A Public Health Laboratory Service report published earlier this month revealed the NHS spends £1 billion a year treating people for infections they contract while they are in hospital.
Andy Field, who gave up being a surgeon to train as a GP in York believing that would put him at the front-line of preventative work, would add that a lot of money is also being spent on drugs to treat the symptoms caused by other drugs.
It's time, he says, for a change in thinking - away from the knee-jerk prescription of expensive drugs and procedures.
"We tend to focus on Intensive Care beds, high-technology interventions like heart transplants, liver transplants etc. But for every heart transplant you could employ at least one really well-trained nurse or health education worker doing really good work in the community on long-term prevention."
Senior health workers in North Yorkshire insist that there is an increasing emphasis on preventative measures.
Dr Neil Maskrey, a North Yorkshire public health consultant as well as practising GP, admits that £68 million a year is spent on drugs in North Yorkshire alone. But he, and other senior family doctors like York GP Dr Bob Markham, chairman of the York Primary Care Group, point out a significant proportion of that is spent on drugs that do prevent people becoming ill: such as medicines to lower cholesterol levels in those at risk of heart attack.

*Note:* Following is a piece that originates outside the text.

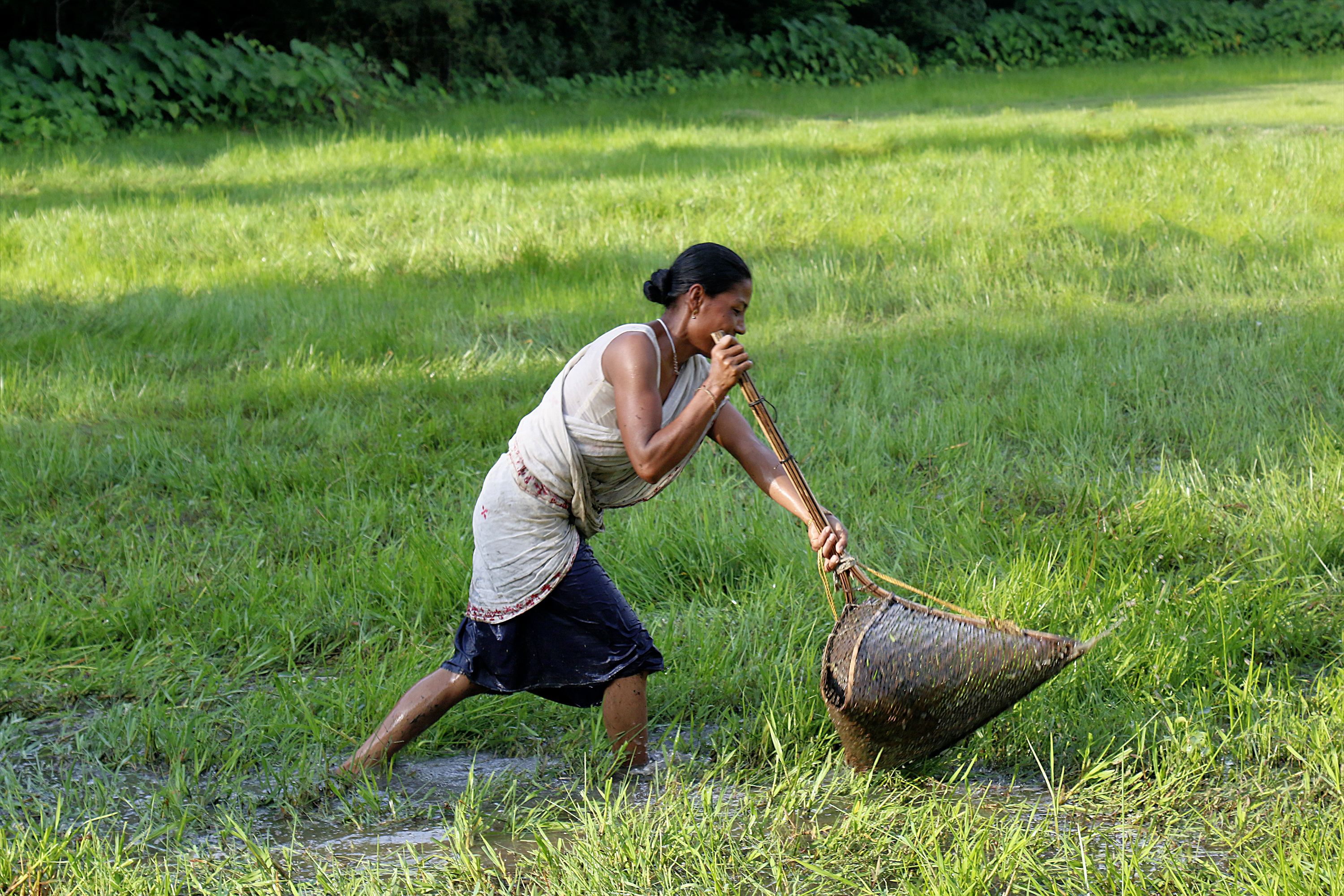 An Assamese woman catching with traditional fish catching device made of Bamboo which is known as "Jakoi "

On top of that, there are plenty of local health improvement and health promotion initiatives to encourage people about the benefits of healthy lifestyles, more exercise, better eating and giving up smoking.BUT Dr Field isn't satisfied. He wants our whole approach to medicine to change and broaden. He'd like health education to begin in primary school - and for a range of 'alternative' or complementary therapies such as osteopathy, acupuncture and homeopathy to be brought within the NHS fold alongside orthodox medicine.

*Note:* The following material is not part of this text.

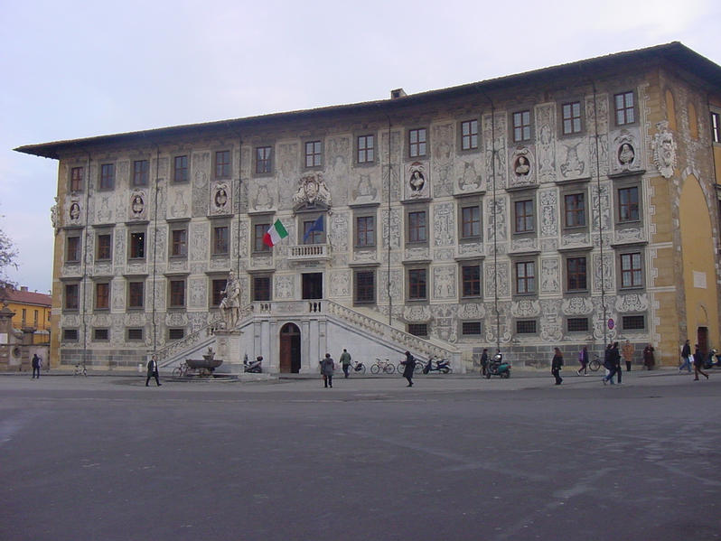 A view of the main building of the Scuola Normale Superiore, Pisa, Italy

"We live in busy, hectic, toxic times," he said. "People work harder and harder, have less and less time for exercise. Illness is about lifestyle. Health is not purely a scientific endeavour. Human beings are not technical, clockwork machines. They need time and care."

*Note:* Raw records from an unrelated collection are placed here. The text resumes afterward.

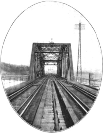 picture of Hackensack Drawbridge.
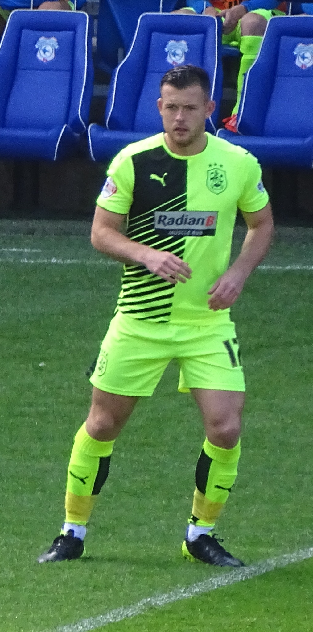 Footballer Harry Bunn in 2015.
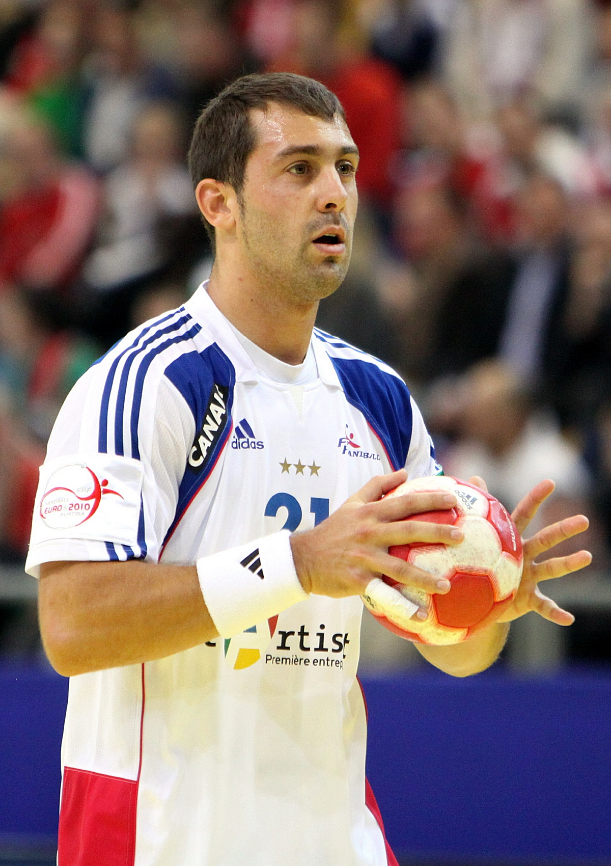 Michaël Guigou (Montpellier HB), France national handball team

It won't happen overnight, he admits. Many orthodox doctors still reject the idea of complementary therapies, pointing out practitioners aren't always properly trained or accredited, and that there's little scientific evidence that many of the more exotic therapies work.
Andy Field points out that the scientific trials which provide evidence for the effectiveness of expensive, orthodox drugs are often funded by the very drug companies who stand to profit if they are approved for use - a clear conflict of interest, he says. And there is, he insists, real evidence that some complementary therapies do work.
"It is a culture jump for GPs to trust other health providers with their patients," he admitted. "And there are issues of accreditation of some alternative practitioners.
"Many doctors are threatened by it. But they don't need to be. It would give them a much greater range of methods with which to deal with people's health."
Bob Markham admits complementary therapy is a 'difficult one' for many GPs. There is real concern about the lack of experience, training and accreditation of some practitioners, he says.
"But having said that, there is obviously a lot of interest in complementary medicine. People do say that it does help them in some ways, where sometimes orthodox medicine does not."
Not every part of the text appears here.